つまり、確実に「○○は■■色」という定義は無いのです。
増して、無着色の無垢材家具は経年で色合いを変えていきます。
こうなると「これとこれは相性が良い、良くない」というものではなくなりますから、そこにカラーコーディネート的なルールは無いのです。
とはいえ、いくつかのセオリーは存在します。
今回はそのセオリーを活かしながら魅力の銘木サペリの取り入れ方をお話ししましょう。
床材の色は濃い?薄い?
多くの方が家具の素材を決める際に、その見え方を決めるものとして「床の色合い」を基準にします。
たしかに明るい床の色と逆に落ち着いた床の色とでは空間の雰囲気が異なります。
では、サペリは明るい床、落ち着いた色合いの床、どちらに合うでしょうか。
正解は「どちらにも合う」です。
明るい色合いの床にいわゆる「白木」の素材を合わせるのは王道で、それだけでナチュラルでさわやかな空間が完成します。
一方で、落ち着いた色合いの床材には黒や濃茶の家具を合わせることでテイストの統一感と空間全体の大人感を生み出します。
これが定石ですが、発想を逆にすることで生まれるものがあります。
明るい床材にこのサペリを合わせることで自然と空間に「色のメリハリ」が生まれます。
そのことで空間全体に奥行き感が生まれ、実際よりも広く見せてくれる効果があるのです。
反対に落ち着いた色合いの床にこのサペリを合わせた場合、ダイニング部分がやや明るくなることで自慢のテーブルが際立ちます。

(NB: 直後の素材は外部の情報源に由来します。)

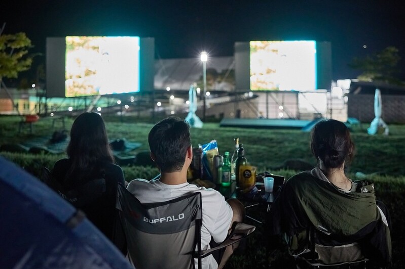 침낭에 누워 야외에서 캠핑하듯 밤새 묵음으로 상영되는 영화를 감상할 수 있는 '비박 상영'은 지난해에 이어 2년째 진행됐다.

食事をするところは明るくしたいな、と考えながらも、でも落ち着いた内装に明るい素材はな…、と考えている方(もちろん、その組み合わせも大いに有りです)にはちょうど良い選択肢になるのではないでしょうか。
チェアは同じ素材の方が良い?
これも私たち家具蔵で一点ものの天板を選んだ方からよく伺う質問です。
これには
「違っていても良い。しかしテーブルとチェアの素材を変えるなら、テーブルの色合いよりも濃い色合いのものを選ぶ方が見栄えしやすい」
とお答えします。
ダイニングテーブルとダイニングチェアを同じ木材で揃えるのは定石といえます。
実際に多くの方がそうされています。
しかし、そこで例えばサペリのテーブルにウォールナットのチェアを合わせたらどうでしょうか。
大きな面積を占めるテーブルよりも濃い色合いのものが周囲を固めることで「差し色」的な存在になり、お互いが引き立つのです。
ちなみにサペリは経年で色がより濃くなっていきますが、ウォールナットは明るく変わっていきます。
そうすると、不思議と最初は違っていた色合いも徐々に馴染んでくるのも面白いところです。
また、より明るめの色合いがある素材、例えばチェリー材のテーブルにサペリのチェアを合わせるのもの同じような効果が期待できます。
この場合、どちらも色合いが濃くなっていきますのでこのコントラストは変わりません。
しかし、このテクニックを行うことで内装や他の家具との親和性も期待でき、そこから空間全体の統一感へと波及させることもできるのです。
あえてテーブルとチェアの素材を変えてみる、これはサペリに限らず使えるテクニックです。
人々を魅了し続ける豊かな煌めきを秘めた木目、どのような空間に配置してもしっくりと調和する、無垢材ならではの美しさ・豊かさを感じさせてくれるサペリ。
その色合いの変化を含め、日々の暮らしの中で飽きることなく一緒に過ごすことのできるテーブル天板やチェアは家具蔵各店で常時ご覧いただけます。